Amidst an otherwise interesting article about how to debunk a myth, the Washington Post tosses a few context-less grenades at the Bush Administration and the War on Terror.
... But the new psychological studies show that denials and clarifications, for all their intuitive appeal, can paradoxically contribute to the resiliency of popular myths.This phenomenon may help explain why large numbers of Americans incorrectly think that Saddam Hussein was directly involved in planning the Sept 11, 2001, terrorist attacks, and that most of the Sept. 11 hijackers were Iraqi. While these beliefs likely arose because Bush administration officials have repeatedly tried to connect Iraq with Sept. 11, the experiments suggest that intelligence reports and other efforts to debunk this account may in fact help keep it alive.

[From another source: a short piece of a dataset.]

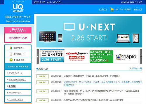 UQコミュニケーションズは、2月20日、昨年12月5日から提供していた「UQオプションストア」の名称を「UQエンタメマーケット」へ変更した。2月26日には、新コンテンツとして定額見放題のVOD(ビデオ・オンデマンド)サービス「U-NEXT」の提供を開始する。
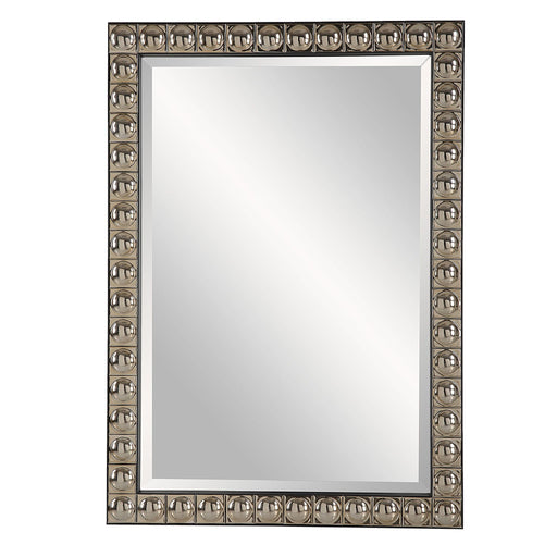 UttermostThis Unique Vanity Mirror Features Repeated Ceramic Tiles With Convexed Centers Finished In An Antiqued Silver-champagne Plating, Encased In A Blac...

The only link the Bush Administration has made between Saddam Hussein and 9/11 is that our invasion of Iraq is part of a greater Global War on Terror. No Bush Administration official has ever claimed that Saddam Hussein was involved in planning 9/11, but both the attack on the World Trade Center and the invasion of Iraq are part of the same overarching conflict. The Washington Post pathetically mischaracterizes the most important issue of our time to score cheap political points.
And then at the bottom of the story is a control that lets you add an Iraq War body count to your blog!
I doubt the authors of the psychology paper the article was ostensibly about were happy to see their research hijacked.